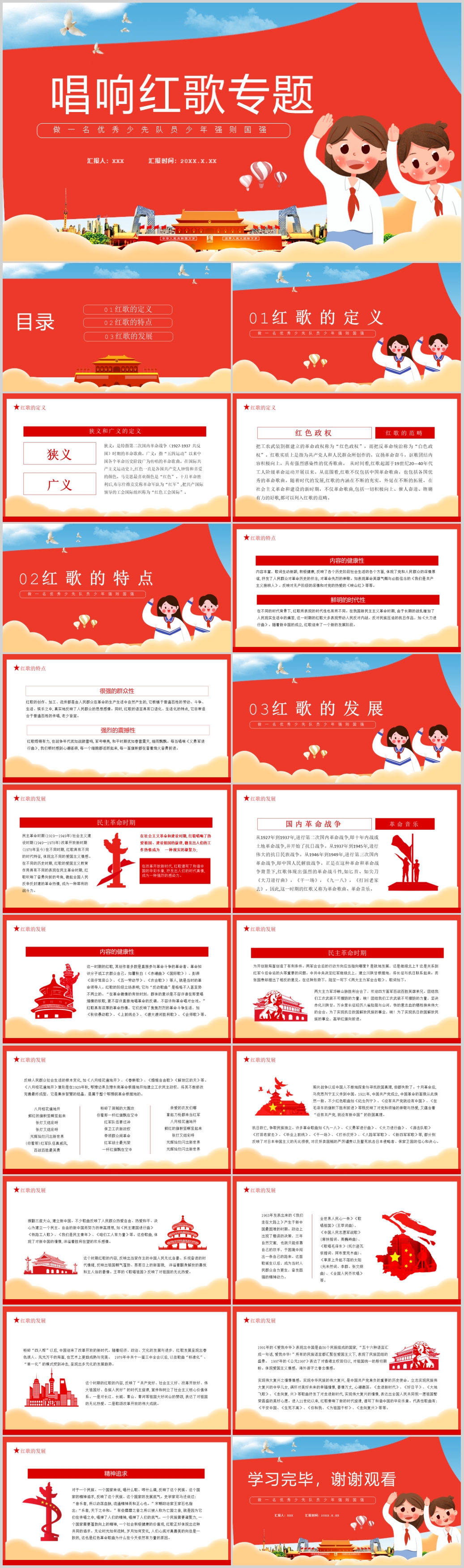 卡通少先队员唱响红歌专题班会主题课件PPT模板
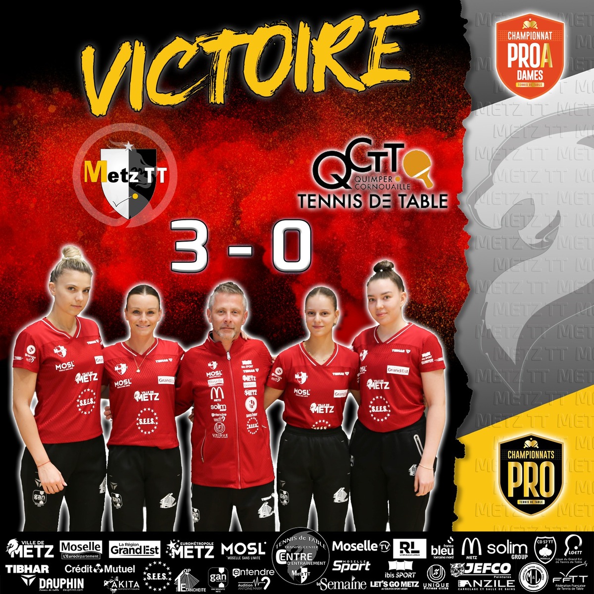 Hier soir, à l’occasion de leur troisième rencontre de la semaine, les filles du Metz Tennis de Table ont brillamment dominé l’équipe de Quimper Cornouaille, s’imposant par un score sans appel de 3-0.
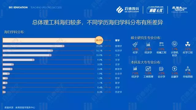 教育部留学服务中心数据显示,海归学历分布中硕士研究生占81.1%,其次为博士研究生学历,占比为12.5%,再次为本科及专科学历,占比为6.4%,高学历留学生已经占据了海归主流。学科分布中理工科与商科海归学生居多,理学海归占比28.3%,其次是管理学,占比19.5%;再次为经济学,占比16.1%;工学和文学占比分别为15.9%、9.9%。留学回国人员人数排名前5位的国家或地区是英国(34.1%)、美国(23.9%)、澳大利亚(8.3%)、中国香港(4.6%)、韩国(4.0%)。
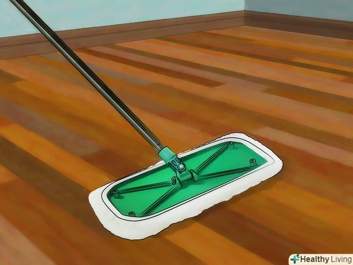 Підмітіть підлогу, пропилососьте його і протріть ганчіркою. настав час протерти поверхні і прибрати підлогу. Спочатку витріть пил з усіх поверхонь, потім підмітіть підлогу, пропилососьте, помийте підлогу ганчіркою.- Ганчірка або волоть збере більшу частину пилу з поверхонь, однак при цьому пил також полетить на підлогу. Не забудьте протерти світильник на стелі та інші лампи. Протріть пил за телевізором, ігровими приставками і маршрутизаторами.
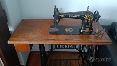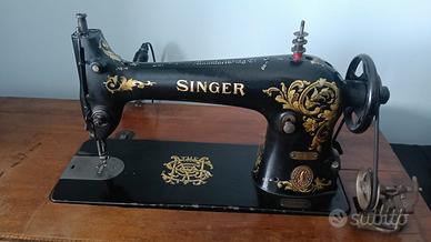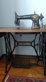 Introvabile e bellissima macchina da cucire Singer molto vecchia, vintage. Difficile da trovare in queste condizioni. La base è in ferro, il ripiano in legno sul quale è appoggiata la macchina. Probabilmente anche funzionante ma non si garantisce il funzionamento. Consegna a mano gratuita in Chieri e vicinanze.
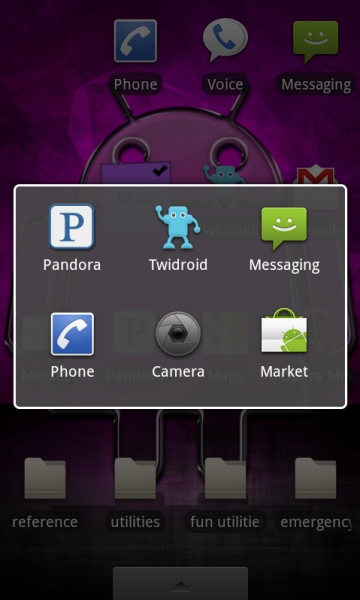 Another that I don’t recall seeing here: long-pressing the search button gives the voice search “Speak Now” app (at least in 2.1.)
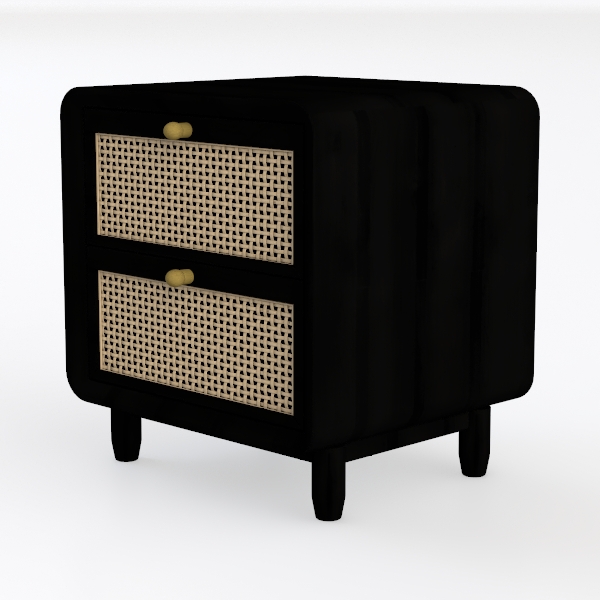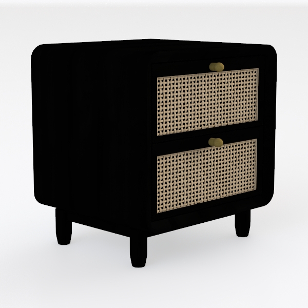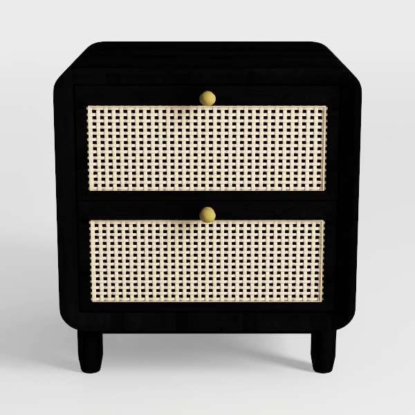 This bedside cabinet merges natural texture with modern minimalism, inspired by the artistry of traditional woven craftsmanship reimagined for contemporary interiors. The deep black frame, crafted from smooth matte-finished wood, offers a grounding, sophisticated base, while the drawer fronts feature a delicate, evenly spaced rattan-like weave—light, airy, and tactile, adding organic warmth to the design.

--

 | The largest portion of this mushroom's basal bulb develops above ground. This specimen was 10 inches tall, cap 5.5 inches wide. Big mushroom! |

* * *

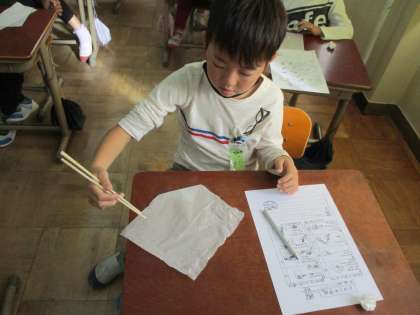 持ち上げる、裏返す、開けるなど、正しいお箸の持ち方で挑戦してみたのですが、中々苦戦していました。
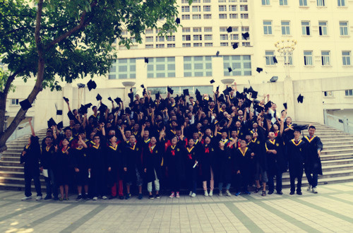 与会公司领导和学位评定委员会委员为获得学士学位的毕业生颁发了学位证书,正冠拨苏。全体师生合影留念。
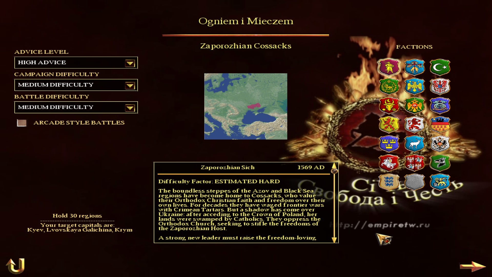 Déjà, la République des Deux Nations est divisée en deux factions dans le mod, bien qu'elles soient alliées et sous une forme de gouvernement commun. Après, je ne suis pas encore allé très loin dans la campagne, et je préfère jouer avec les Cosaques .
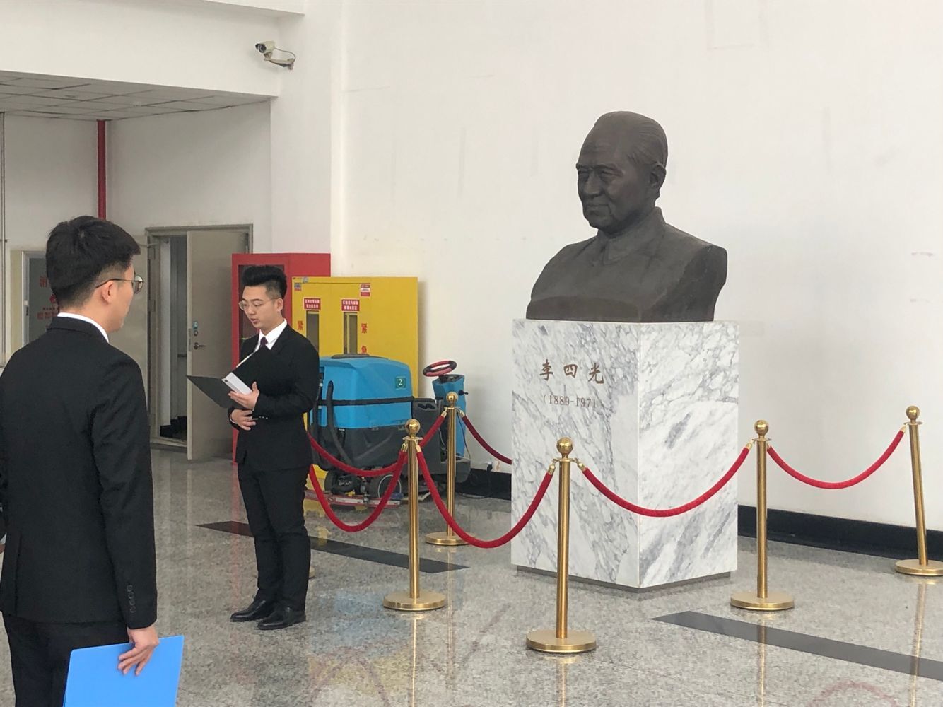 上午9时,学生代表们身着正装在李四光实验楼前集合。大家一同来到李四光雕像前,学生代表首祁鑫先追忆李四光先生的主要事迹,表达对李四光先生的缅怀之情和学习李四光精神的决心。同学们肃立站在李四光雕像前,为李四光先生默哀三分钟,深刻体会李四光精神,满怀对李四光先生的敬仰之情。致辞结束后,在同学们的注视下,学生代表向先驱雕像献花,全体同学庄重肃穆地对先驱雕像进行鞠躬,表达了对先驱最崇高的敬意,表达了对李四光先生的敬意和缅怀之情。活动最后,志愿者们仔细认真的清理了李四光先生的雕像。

• [WHAT TO DO] In the data above, find the line with "Introvabile e bellissima" and the line with "This bedside cabinet". Please copy exactly those two lines and every line between them, but not the pictures.

• [COMPLETED EXERCISE]
 Introvabile e bellissima macchina da cucire Singer molto vecchia, vintage. Difficile da trovare in queste condizioni. La base è in ferro, il ripiano in legno sul quale è appoggiata la macchina. Probabilmente anche funzionante ma non si garantisce il funzionamento. Consegna a mano gratuita in Chieri e vicinanze.
 Another that I don’t recall seeing here: long-pressing the search button gives the voice search “Speak Now” app (at least in 2.1.)
 This bedside cabinet merges natural texture with modern minimalism, inspired by the artistry of traditional woven craftsmanship reimagined for contemporary interiors. The deep black frame, crafted from smooth matte-finished wood, offers a grounding, sophisticated base, while the drawer fronts feature a delicate, evenly spaced rattan-like weave—light, airy, and tactile, adding organic warmth to the design.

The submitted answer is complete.